What to do: Each and every line below goes into your answer unchanged, but leave out the images.

Material provided:
++++++

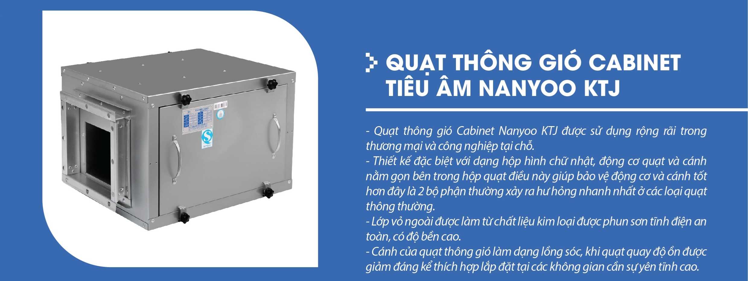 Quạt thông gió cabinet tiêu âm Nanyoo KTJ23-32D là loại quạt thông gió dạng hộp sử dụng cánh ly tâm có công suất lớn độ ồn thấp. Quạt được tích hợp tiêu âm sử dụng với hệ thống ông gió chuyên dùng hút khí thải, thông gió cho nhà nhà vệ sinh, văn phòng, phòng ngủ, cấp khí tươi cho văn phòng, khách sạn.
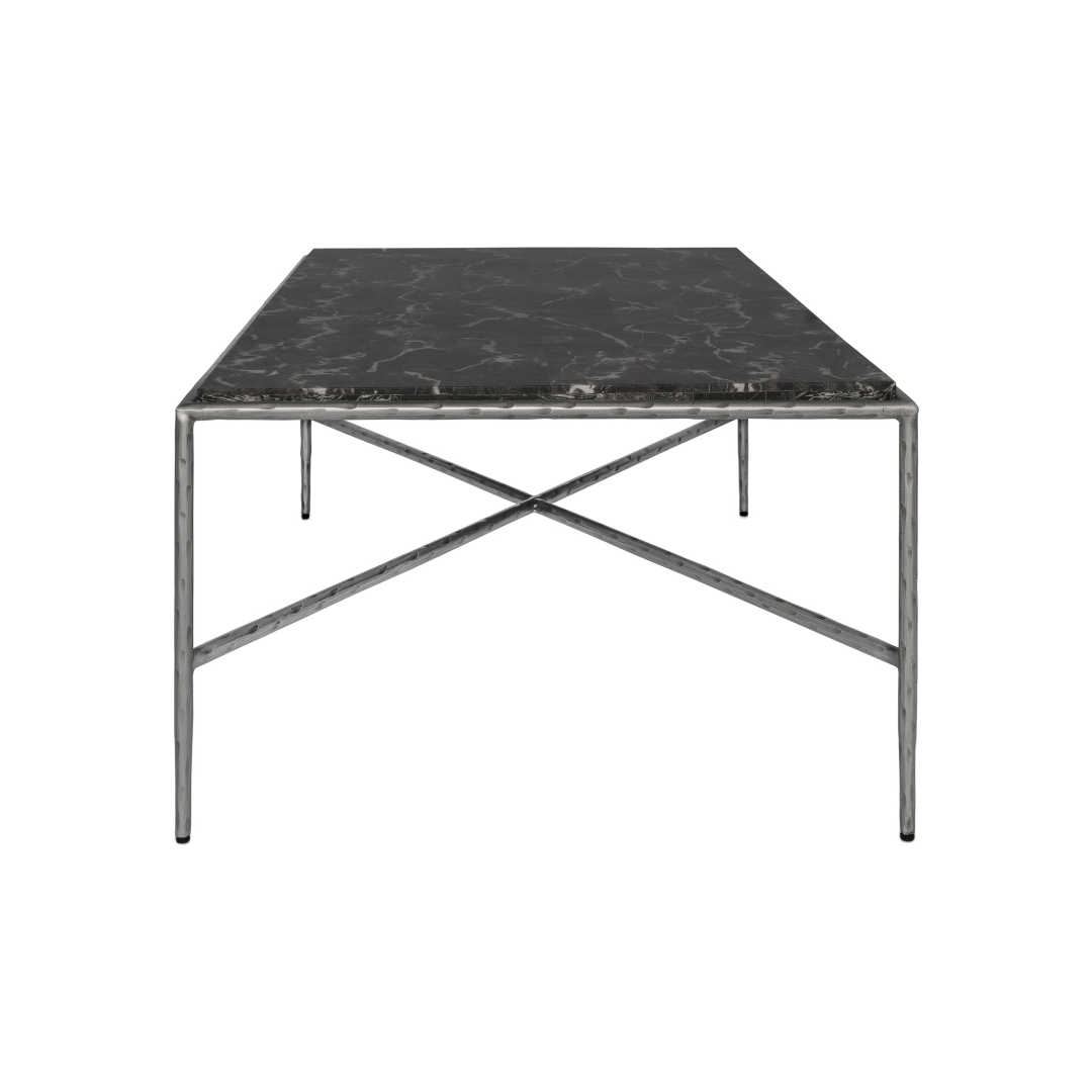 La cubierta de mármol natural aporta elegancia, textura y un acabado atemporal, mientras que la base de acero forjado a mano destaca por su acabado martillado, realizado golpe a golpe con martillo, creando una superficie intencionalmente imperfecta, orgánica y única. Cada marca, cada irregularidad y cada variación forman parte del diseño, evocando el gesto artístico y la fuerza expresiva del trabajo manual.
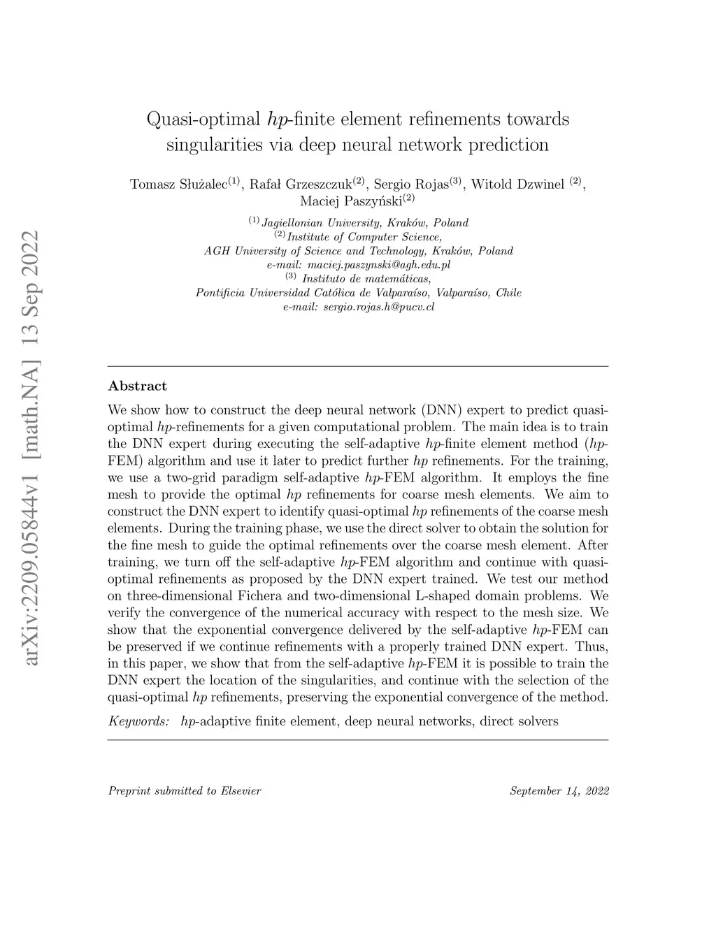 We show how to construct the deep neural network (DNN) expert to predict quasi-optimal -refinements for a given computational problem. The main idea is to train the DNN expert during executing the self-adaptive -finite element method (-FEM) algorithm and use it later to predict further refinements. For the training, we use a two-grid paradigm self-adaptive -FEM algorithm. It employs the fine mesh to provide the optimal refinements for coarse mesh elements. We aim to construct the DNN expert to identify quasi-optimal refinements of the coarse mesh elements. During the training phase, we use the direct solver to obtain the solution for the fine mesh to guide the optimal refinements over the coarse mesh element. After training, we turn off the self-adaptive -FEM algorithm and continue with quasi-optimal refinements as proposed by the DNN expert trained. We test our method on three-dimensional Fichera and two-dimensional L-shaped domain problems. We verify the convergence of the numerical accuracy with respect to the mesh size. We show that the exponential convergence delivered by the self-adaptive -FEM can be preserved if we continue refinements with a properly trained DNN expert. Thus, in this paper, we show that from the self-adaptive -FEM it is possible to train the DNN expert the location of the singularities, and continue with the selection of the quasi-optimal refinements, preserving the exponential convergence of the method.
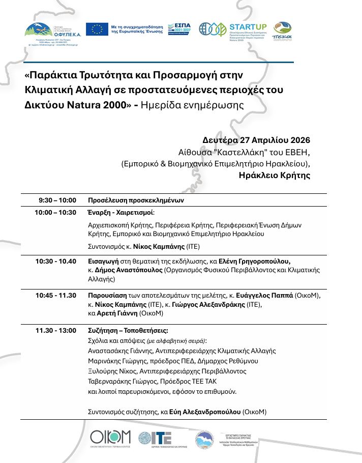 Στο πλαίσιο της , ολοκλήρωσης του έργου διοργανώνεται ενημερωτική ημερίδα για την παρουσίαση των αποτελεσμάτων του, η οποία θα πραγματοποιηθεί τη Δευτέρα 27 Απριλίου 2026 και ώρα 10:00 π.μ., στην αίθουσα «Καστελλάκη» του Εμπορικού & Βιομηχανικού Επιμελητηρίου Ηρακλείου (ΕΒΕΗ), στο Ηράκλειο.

++++++

Answer section:
 Quạt thông gió cabinet tiêu âm Nanyoo KTJ23-32D là loại quạt thông gió dạng hộp sử dụng cánh ly tâm có công suất lớn độ ồn thấp. Quạt được tích hợp tiêu âm sử dụng với hệ thống ông gió chuyên dùng hút khí thải, thông gió cho nhà nhà vệ sinh, văn phòng, phòng ngủ, cấp khí tươi cho văn phòng, khách sạn.
 La cubierta de mármol natural aporta elegancia, textura y un acabado atemporal, mientras que la base de acero forjado a mano destaca por su acabado martillado, realizado golpe a golpe con martillo, creando una superficie intencionalmente imperfecta, orgánica y única. Cada marca, cada irregularidad y cada variación forman parte del diseño, evocando el gesto artístico y la fuerza expresiva del trabajo manual.
 We show how to construct the deep neural network (DNN) expert to predict quasi-optimal -refinements for a given computational problem. The main idea is to train the DNN expert during executing the self-adaptive -finite element method (-FEM) algorithm and use it later to predict further refinements. For the training, we use a two-grid paradigm self-adaptive -FEM algorithm. It employs the fine mesh to provide the optimal refinements for coarse mesh elements. We aim to construct the DNN expert to identify quasi-optimal refinements of the coarse mesh elements. During the training phase, we use the direct solver to obtain the solution for the fine mesh to guide the optimal refinements over the coarse mesh element. After training, we turn off the self-adaptive -FEM algorithm and continue with quasi-optimal refinements as proposed by the DNN expert trained. We test our method on three-dimensional Fichera and two-dimensional L-shaped domain problems. We verify the convergence of the numerical accuracy with respect to the mesh size. We show that the exponential convergence delivered by the self-adaptive -FEM can be preserved if we continue refinements with a properly trained DNN expert. Thus, in this paper, we show that from the self-adaptive -FEM it is possible to train the DNN expert the location of the singularities, and continue with the selection of the quasi-optimal refinements, preserving the exponential convergence of the method.
 Στο πλαίσιο της , ολοκλήρωσης του έργου διοργανώνεται ενημερωτική ημερίδα για την παρουσίαση των αποτελεσμάτων του, η οποία θα πραγματοποιηθεί τη Δευτέρα 27 Απριλίου 2026 και ώρα 10:00 π.μ., στην αίθουσα «Καστελλάκη» του Εμπορικού & Βιομηχανικού Επιμελητηρίου Ηρακλείου (ΕΒΕΗ), στο Ηράκλειο.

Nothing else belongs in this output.